*** DATASET EXCERPTS ***

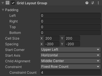 GridLayoutGroup의 컴포넌트는 위와 같이 구성되어 있다.
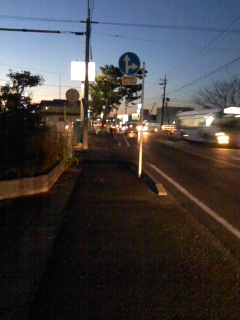 姫街道を横目に見ながら、旧東海道は磐田駅へ向かいます。時刻はすでに4時30分近く。辺りは薄暗くなってきました。しかし磐田駅は一度ゴール地点にしていますから、今回は磐田駅で止まることは出来ません。駅の直前で右に折れ、東海道を次の宿場である浜松に向かいます。見附〜浜松は約16q。4時間くらいかかるはずなので少しでも先を急ぎたいところです。日はどんどん沈み、まさに「秋の日はつるべ落とし」を実感します。清少納言さんの「秋は夕暮れ」をかみしめている余裕はありませんでした。でも暗闇に消えていく松並木は「またあはれなり」でした。
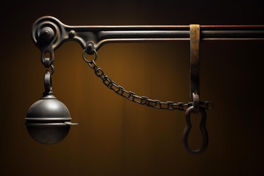 Old steelyard hanging showing its age, with metal weight, chain, and leather strap against a brown background
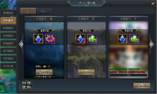 资讯副本包括:法器副本与神翼副本,每个副本又分为壹、贰、叁……共十个等级,每天每个副本能够使用1次。挑战后消耗元宝可以重置并扫荡,并返还绑定元宝。因为难度系数的不同,开启件也跟玩家的等级有关。
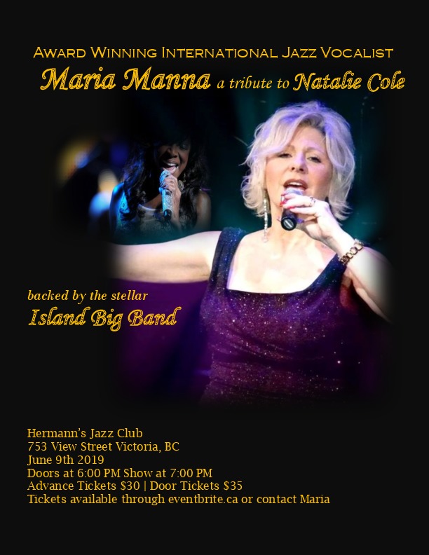 Award-winning International Jazz Vocalist and Producer Maria Manna is backed by the stellar 17 piece Island Big Band. Maria belts out Natalie Cole’s compositions from the Albums “Unforgettable” and “Take a Look”. Hold on to your seats as this high energy show entertains you with hits like “Orange Coloured Sky”, “Route 66”, “This Can’t Be Love”, “Unforgettable” and much more!
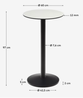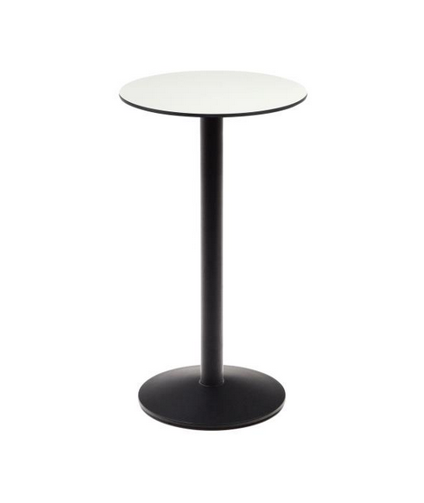 ELA mesa h 97 cm con tapa de hpl blanco 60 cm de diámetro y base de metal pintado de negro para bares heladerías y restaurantes
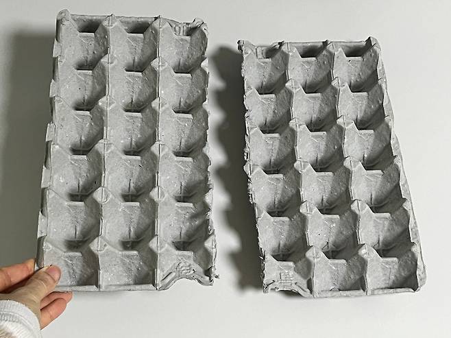 계란판은 외부 충격을 흡수해 파손을 막아줄 뿐만 아니라 종이 재질이 급격한 온도 변화를 완충해 계란 보관함으로 쓰기에 이만한 게 없습니다. 만일 위생이 걱정된다면 계란판 앞뒤로 소독수를 뿌린 후 말린 다음 쓰시면 됩니다.
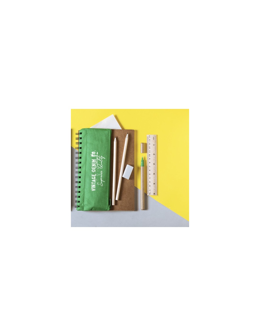 Libreta de anillas con tapas de suave tacto acabadas en resistente cartón reciclado. Con estuche en poliéster 600D de vivos colores y cierre de cremallera integrado en portada. Incluye bolígrafo en cartón reciclado y set de regla, lápices y sacapuntas en madera natural. 70 hojas lisas. Portada Rígida. 70 Hojas. Estuche Incluido. 6 Piezas Composition : Cartón Reciclado.
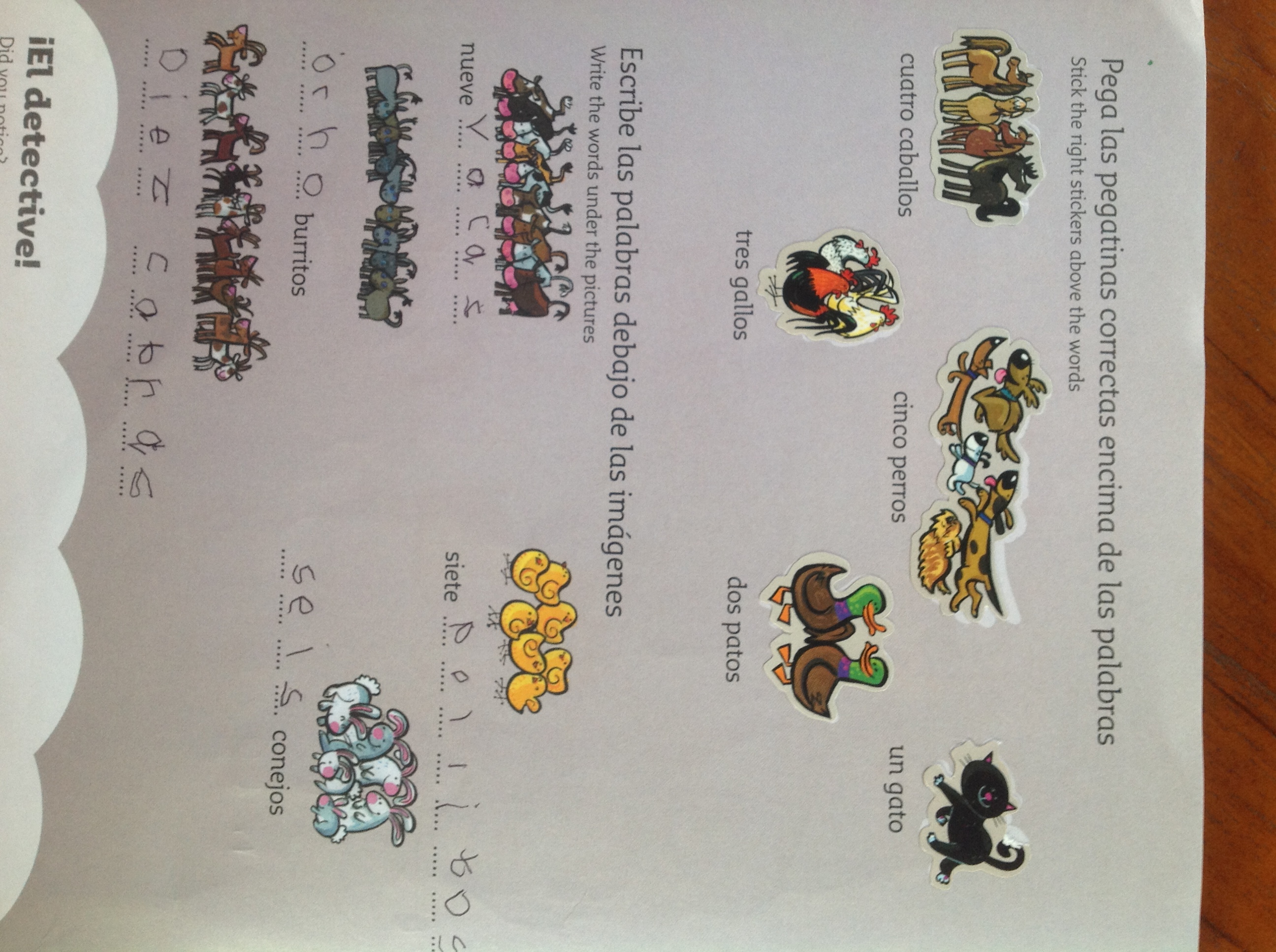 The words are in alphabetical order (by English unfortunately) and despite it being repetitive, my son was charging along with this book and maybe even learning a few words along the way. He got up to the letter P, and then the colour of the stickers stopped matching the spot on which to put them and it was all over. He abandoned it and hasn’t looked at it since. Sigh.
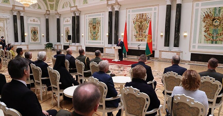 Лукашенко: "Новый год традиционно связан с надеждами на будущее, ожиданиями чудес и подарков. Даже мы, взрослые, ждем чудес. Высокие заслуженные награды и почетные звания - тоже подарок вам, вашим трудовым коллективам, родным. Знак признания заслуг перед государством".
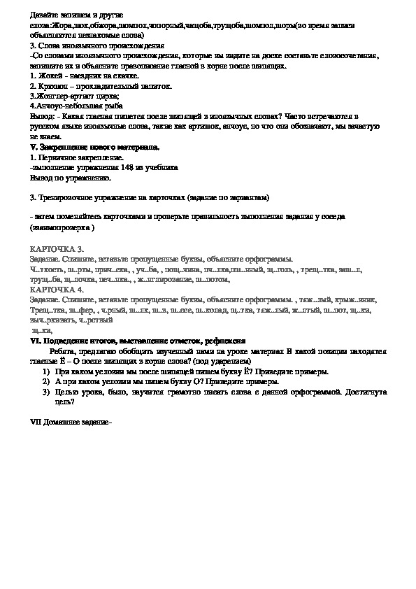Вывод: Какая гласная пишется после шипящей в иноязычных словах? Часто встречаются в
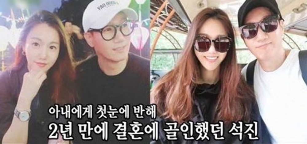 지석진은 "단 5분씩이라도 100일 동안 매일 만나보자"라고 제안했고 수정 씨는 100일의 시간 동안 지석진의 매력에 반했습니다. 이후에는 두 사람의 연애를 알게 된 정선희, 홍진경 등이 극구 만류했음에도 불구하고 "언니, 그 사람 진국이더라"라며 확신에 차서 지석진에게 먼저 결혼을 제안했습니다. 덕분에 1999년 지석진은 8살 연하인 26살 아내와 결혼에 골인했습니다.
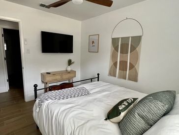 The first guest suite offers a queen size bed with walk-in closet and 50" TV.
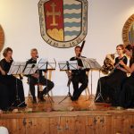 Für das letzte Stück des Abends holte sich das Holzbläserquintett ihren Arbeitskollegen Albert Osterhammer mit seiner Bassklarinette zum gemeinsamen Spiel auf die Bühne. Zusammen mit dem Lokalmatador und musikalischen Leiter der Konzertreihe spielten sie als Bläsersextett „Mladi – Die Jugend“ von Leos Janacek (1854-1928). Der Komponist schildert in einer teils wehmütigen, teils heiteren Autobiographie in Tönen seine Jugend im Mähren des mittleren 19. Jahrhunderts. Mit großer Präzision, differenzierter Artikulation und Spielfreude kommunizierten die sechs Musiker mit viel Kontakt zueinander. Für den nun folgenden lang anhaltenden Beifall bedankten sich die Musiker mit „I Got Rhythm“, einem Jazztitel aus dem Musical Girl Crazy von George Gershwin (1898-1937).
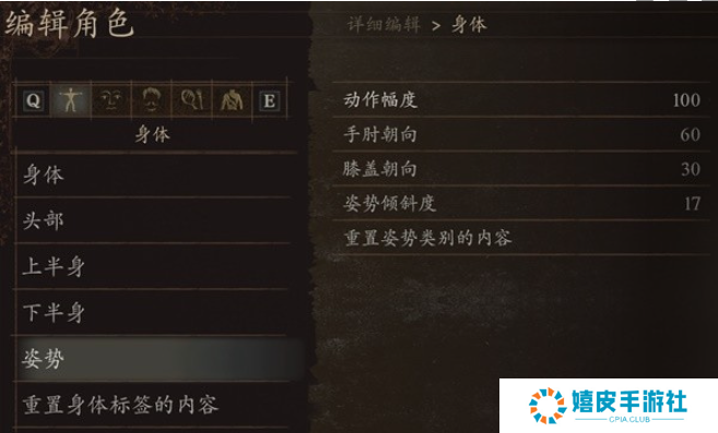 5、姿势:动作幅度100、手肘朝向60、膝盖朝向30、姿势倾斜度17

***

TASK DIRECTIONS
Find the line with "아내와 결혼에 골인했습니다." and the line with "The first guest" in the records above. Copy both and all lines between them exactly, without pictures.

ANSWER TO THIS TASK
 지석진은 "단 5분씩이라도 100일 동안 매일 만나보자"라고 제안했고 수정 씨는 100일의 시간 동안 지석진의 매력에 반했습니다. 이후에는 두 사람의 연애를 알게 된 정선희, 홍진경 등이 극구 만류했음에도 불구하고 "언니, 그 사람 진국이더라"라며 확신에 차서 지석진에게 먼저 결혼을 제안했습니다. 덕분에 1999년 지석진은 8살 연하인 26살 아내와 결혼에 골인했습니다.
 The first guest suite offers a queen size bed with walk-in closet and 50" TV.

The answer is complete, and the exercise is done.